Another trick with XQO: the constant used with OR can be any odd number, not just 1

Well. This also yields much less conspicuous zeroes, e.g. (x^(x*x|1))==0 happens at x==1, but (x^(x*x|5))==0 happens at x==0x...3EF7226D (lower bits are the same for all wordsizes).
It only works for x^(x*x|1) though, not (x|1)^(x*x) (e.g. (x|5)^(x*x) is not a bijection). I assumed that form is more latency-friendly (though is it even true?).

Where (o5o7 & 7) must equal 5 or 7, and (m3 & 3) must equal 3.

Interesting. The proof eludes me so far (does anyone know?). I did exhaustively verify that it is both necessary and sufficient up to, and including, uint10_t.

XORing the upper 32 bits with the lower 32 bits (but not storing that in state) seems to make all bits fairly random.

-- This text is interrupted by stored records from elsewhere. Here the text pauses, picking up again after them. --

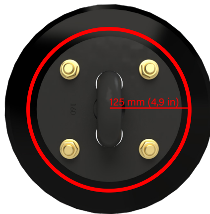
K4 Disc Ketting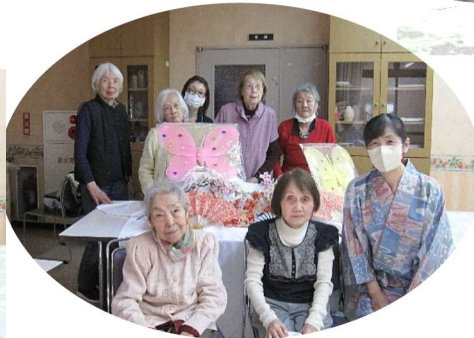
お抹茶 大変おいしゅう ございました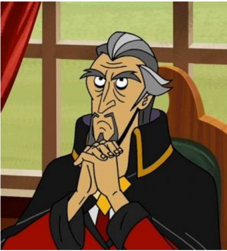
Задумчивый Орфеус задумчив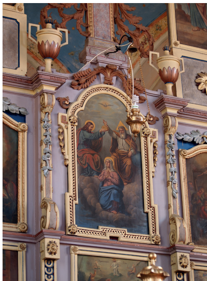
Slika 11. Krunjenje Bogorodice, ikona s ikonostasa crkve svetog Đurđa u Varaždinu

Središnja ikona na ikonostasu, Krunjenje Bogorodičino, kasniji je rad. Stilsko rješenje odaje kako se radi o djelu oslonjenom na nazarensko slikarstvo. Moguće je da je prvotna ikona bila uništena (možda se i zapalila budući da se ispred nje nalazi jedna od svjetiljki ikonostasa), pa je zamijenjena novom, ili je stara radikalno preslikana.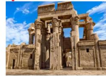
วิหารคอมมอโบ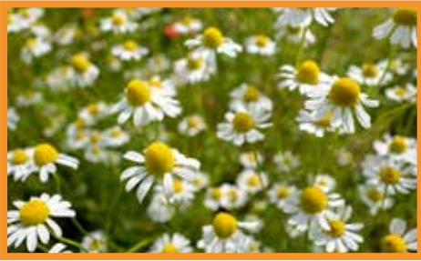
Hakiki papatya ( Matricaria chamomilla )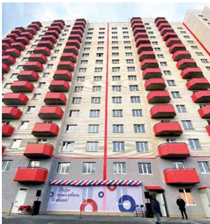
Город Ростов-на-Дону, ул. 1-я Баррикадная, 24, позиция 1Б.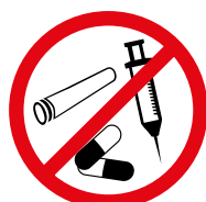
Drogen jeglicher Art Drugs of any kind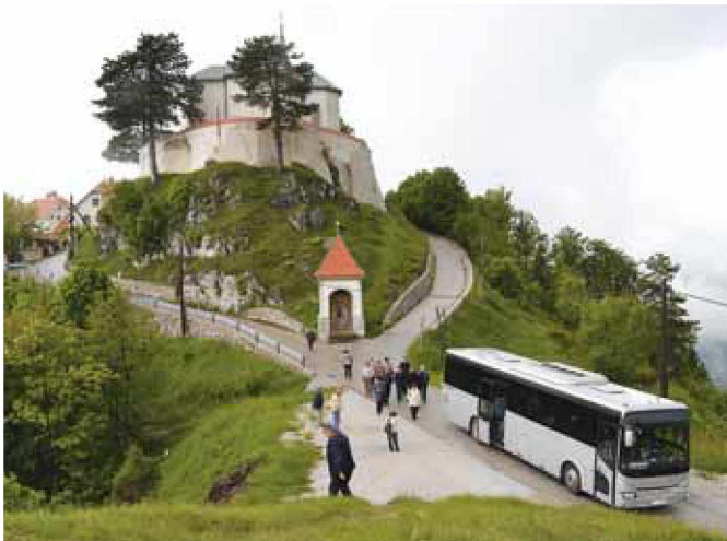
Zasavska Sv. Gora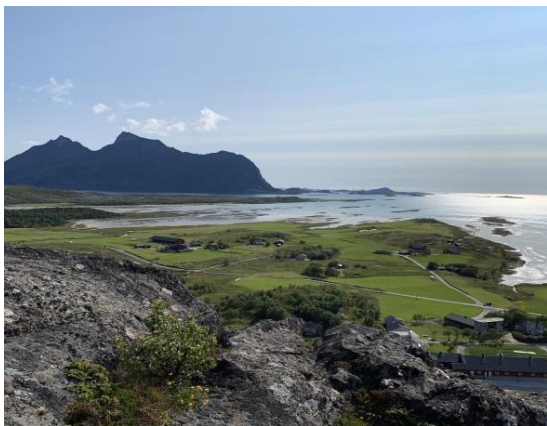
Holkestad sett fra Fløya

Holkestad er et fantastisk kulturlandskap. Bygda ligger åpent og fint til ut mot Vestfjorden, Her ligger er gårdsbrukene på sletta som strekker seg fra sjøen innover mot fjellfoten. Naustrekka ved stranda vitner om livet til feskarbonden. I dette området er det i dag fire aktive gårdbruk med melk og kjøttproduksjon. En har da tatt med eiendommen i Myra. Disse brukene gjør at kulturlandskapet er holdt i hevd både med slått og beiting. Holkestad er mye besøkt i sommersesongen. Hvis en går «Dronningruta» over Fløya ender en opp på Holkestad. På tur ned fra fjellet får man en fantastisk utsikt over det vakre kulturlandskapet som generasjoner har bidratt med å holde ved like. Det er spor etter bosetting fra langt tilbake i tid. Et godt skjøttet kulturlandskap er viktig å ta vare på både for lokalbefolkning og tilreisende. Det er mulig å gå en skogsvei gjennom marka, langs Skånlandsvatnet til Skånland. Området klassifiseres under tiltaksklasse bygdenært og areal med spesielle verdier.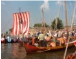
Mycket folk i land.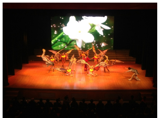
6月12日晚會民俗技藝學系 演出<金蛇騰龍>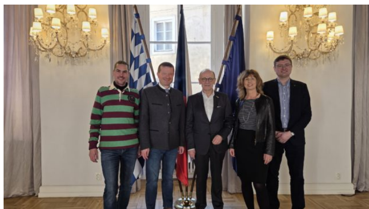
Auswahltagung für das Bayerische Parlamentspraktikum (BayPP) ...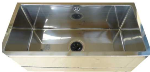
◆水槽内部と排水口の形状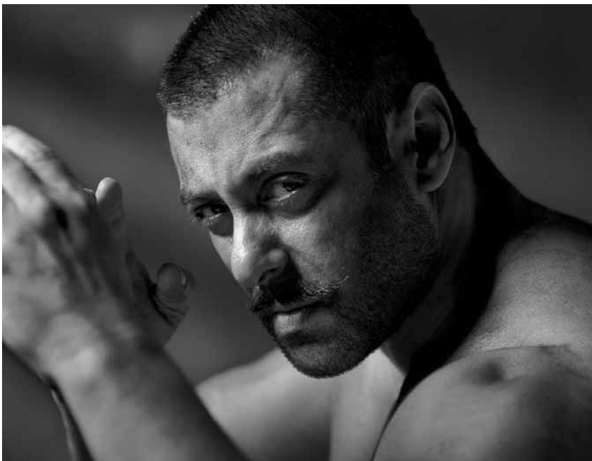
Er ringt im wahrsten Sinne des Wortes um sein Überleben: „Sultan“ - wird Fans des indischen Kinos auch diese Woche ins Utopolis Belval locken.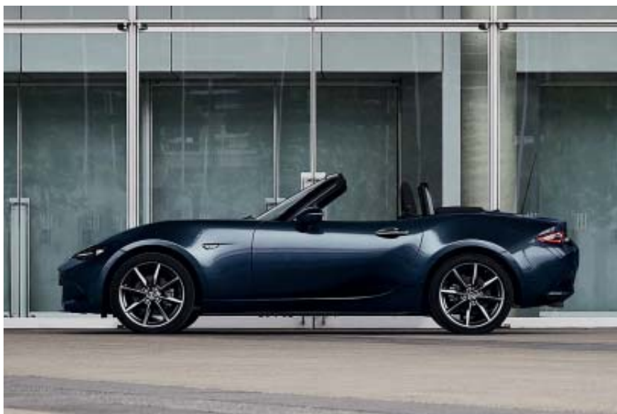
Mazda MX-5 ST Sélection avec option peinture Mica Deep Crystal Blue.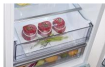
Szuflada Optimal Fresh Zone Szuflada o obniżonej temperaturze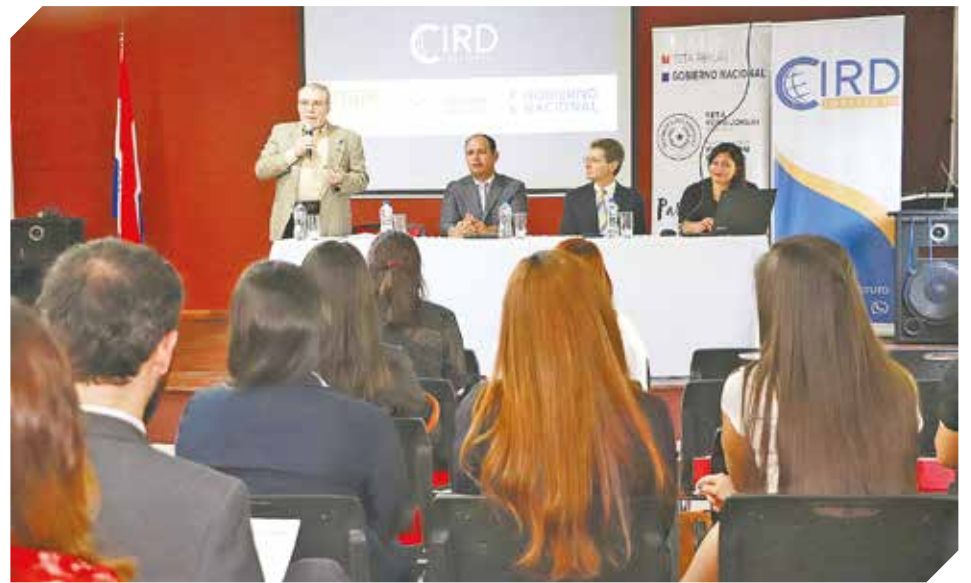
Autoridades del CIRD e INAPP presentaron interesantes nuevas carreras.

brindar seguridad electrónica, colocamos alarmas, cámaras, GPS, integración de sistemas y lo aprovechamos con los responsables acercarlos lo mejor a todos los usuarios en el día a día. Haciendo un breve

This does fail PractRand at 16GB (2^32 outputs). For comparison, high^low of a 64-bit LCG fails at 32MB (2^23 outputs). Still, this probably means that you need fancier output function, at which point it is not obvious if there is any advantage over PCG (e.g. with RS output function the quality seems about the same for this and LCG).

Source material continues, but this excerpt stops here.